* **Directions**
An exact reproduction of the listing is wanted, with the pictures dropped.

* **Records provided**
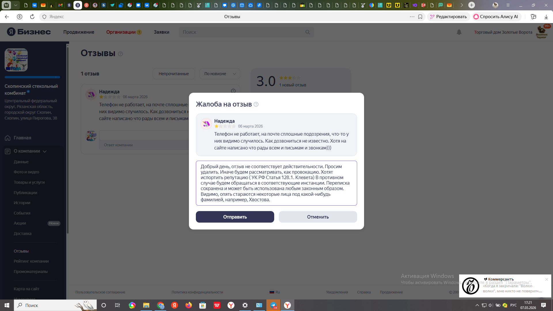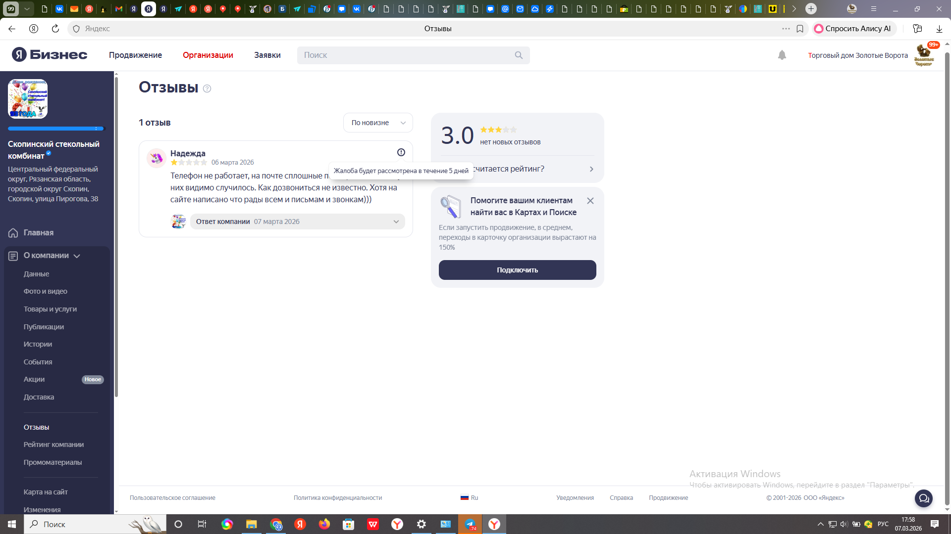6 марта 2026 года в своем аккаунте Скопинского стекольного комбината находим отзыв. В нем сказано, что нам дозвониться нельзя, на почте сплошные подозрения.
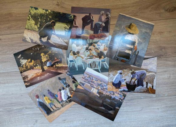 Like Annette, Omar loves the Mediterranean light and blue hues of the Southern French Riviera. What Annette captures in her photographs, Omar tries to show in his paintings. Omar was born in Juba, into a Sudanese artistic family of sculptors. “Nobody could live off art in Sudan back then, but art was and is an integral part of life. The strict divide between art by profession or passion, or the distinction between art and craft do not really make sense in the culture I grew up in. The quest of aestheticism and the pleasure of transforming any kind of material into beauty endowed with meaning are an integral part of life,” he told Annette. Teachers at secondary school spotted and nurtured Omar´s artistic talent. He ended up moving from Khartoum to study fine art at the National Institute of Fine Arts in Tetouan, Morocco. When the Sudan became embroiled in a civil war, Omar left and obtained asylum in Spain, where he also founded a family and eventually became a Spanish citizen. Omar often lapses into Spanish to talk about la pintura and luz and the difficulty to paint verde (green) whereas azul (blue) has all his favour.
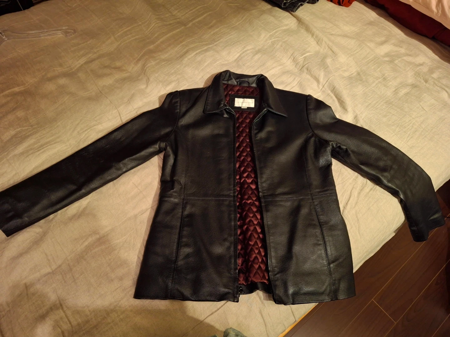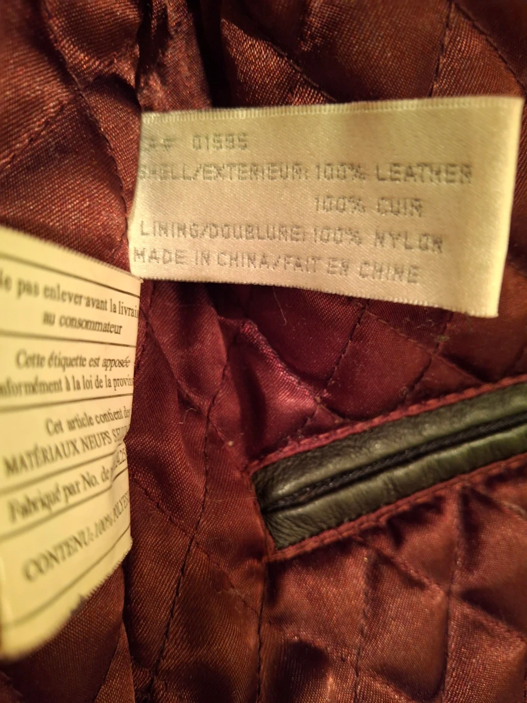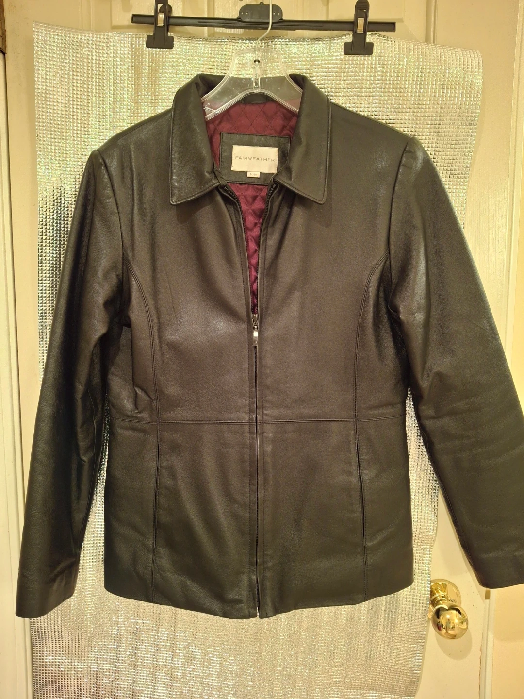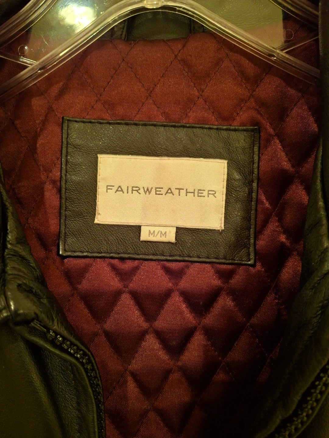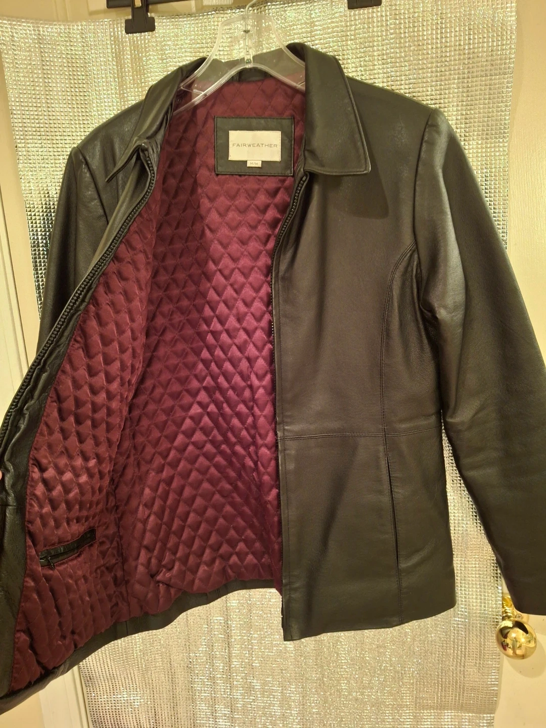 Selling a Vintage Fairweather black leather jacket in size M. It's a stylish jacket made of 100% leather for the shell and 100% nylon quilted Burgandy color for the lining. It's in good condition and ready for a new owner!
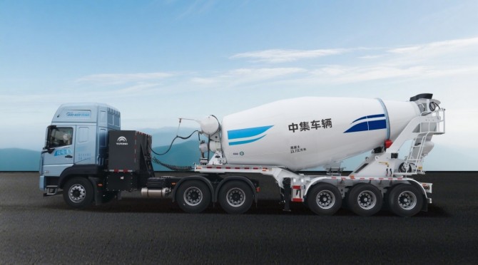 【图为纯电动头挂搅拌车】
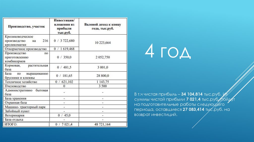 4 годВ т.ч чистая прибыль – 34 104,814 тыс.руб. Из
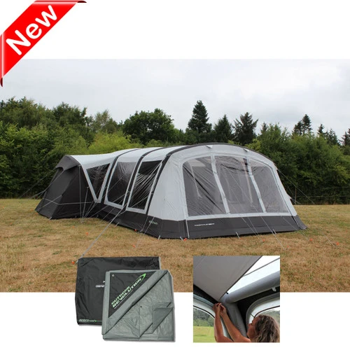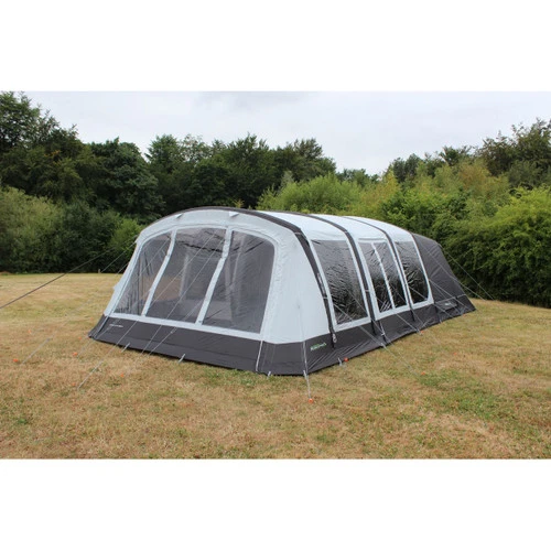 Upgraded for 2023 is the multi award winning Airedale tent range, offering more value than ever before. This Premium Seven + Four berth Airedale 7.0SE inflatable family tent has been updated further for the 2023 season, building on the success of the critically acclaimed and exclusive multi-functional double side annexe (Registered Design). This annexe has been designed with a single Air Tube instead of the Steel Pole, making it a true Family Air Tent, and giving it much smoother ergonomic lines, plus an additional window and curtains. The same optional internal 2 berth inner tent is still available which increases the total sleeping capacity by 2 with a further option to hang a Universal inner tent in the living space making 4 in total. thus allowing a maximum sleeping capacity of Eleven. The parallel design of the porch area means that only a fraction of extra pitch space is used to the side of the tent. A huge roll-back panel complete with mesh windows separates the internal living space from the front porch, which can be zipped back or totally enclosed, this allows for complete versatility whilst offering ventilation and a pleasant feeling of open space. Further multiple ground-breaking and practical additions such as the new fully removable front vestibule hook and loop fastening groundsheet that gives a far cleaner appearance and avoids trip hazards in this area. Utilizing the premium innovations that you would expect from our flagship Airedale collection, the Airedale 7.0SE includes a Double width Patio style side door with Phoenix mesh ventilation, a wardrobe pole, and zip-up curtains to name a few. This is the perfect large family tent for those who truly appreciate a spacious camping experience.

* **Completed task**
6 марта 2026 года в своем аккаунте Скопинского стекольного комбината находим отзыв. В нем сказано, что нам дозвониться нельзя, на почте сплошные подозрения.
 Like Annette, Omar loves the Mediterranean light and blue hues of the Southern French Riviera. What Annette captures in her photographs, Omar tries to show in his paintings. Omar was born in Juba, into a Sudanese artistic family of sculptors. “Nobody could live off art in Sudan back then, but art was and is an integral part of life. The strict divide between art by profession or passion, or the distinction between art and craft do not really make sense in the culture I grew up in. The quest of aestheticism and the pleasure of transforming any kind of material into beauty endowed with meaning are an integral part of life,” he told Annette. Teachers at secondary school spotted and nurtured Omar´s artistic talent. He ended up moving from Khartoum to study fine art at the National Institute of Fine Arts in Tetouan, Morocco. When the Sudan became embroiled in a civil war, Omar left and obtained asylum in Spain, where he also founded a family and eventually became a Spanish citizen. Omar often lapses into Spanish to talk about la pintura and luz and the difficulty to paint verde (green) whereas azul (blue) has all his favour.
 Selling a Vintage Fairweather black leather jacket in size M. It's a stylish jacket made of 100% leather for the shell and 100% nylon quilted Burgandy color for the lining. It's in good condition and ready for a new owner!
 【图为纯电动头挂搅拌车】
 4 годВ т.ч чистая прибыль – 34 104,814 тыс.руб. Из
 Upgraded for 2023 is the multi award winning Airedale tent range, offering more value than ever before. This Premium Seven + Four berth Airedale 7.0SE inflatable family tent has been updated further for the 2023 season, building on the success of the critically acclaimed and exclusive multi-functional double side annexe (Registered Design). This annexe has been designed with a single Air Tube instead of the Steel Pole, making it a true Family Air Tent, and giving it much smoother ergonomic lines, plus an additional window and curtains. The same optional internal 2 berth inner tent is still available which increases the total sleeping capacity by 2 with a further option to hang a Universal inner tent in the living space making 4 in total. thus allowing a maximum sleeping capacity of Eleven. The parallel design of the porch area means that only a fraction of extra pitch space is used to the side of the tent. A huge roll-back panel complete with mesh windows separates the internal living space from the front porch, which can be zipped back or totally enclosed, this allows for complete versatility whilst offering ventilation and a pleasant feeling of open space. Further multiple ground-breaking and practical additions such as the new fully removable front vestibule hook and loop fastening groundsheet that gives a far cleaner appearance and avoids trip hazards in this area. Utilizing the premium innovations that you would expect from our flagship Airedale collection, the Airedale 7.0SE includes a Double width Patio style side door with Phoenix mesh ventilation, a wardrobe pole, and zip-up curtains to name a few. This is the perfect large family tent for those who truly appreciate a spacious camping experience.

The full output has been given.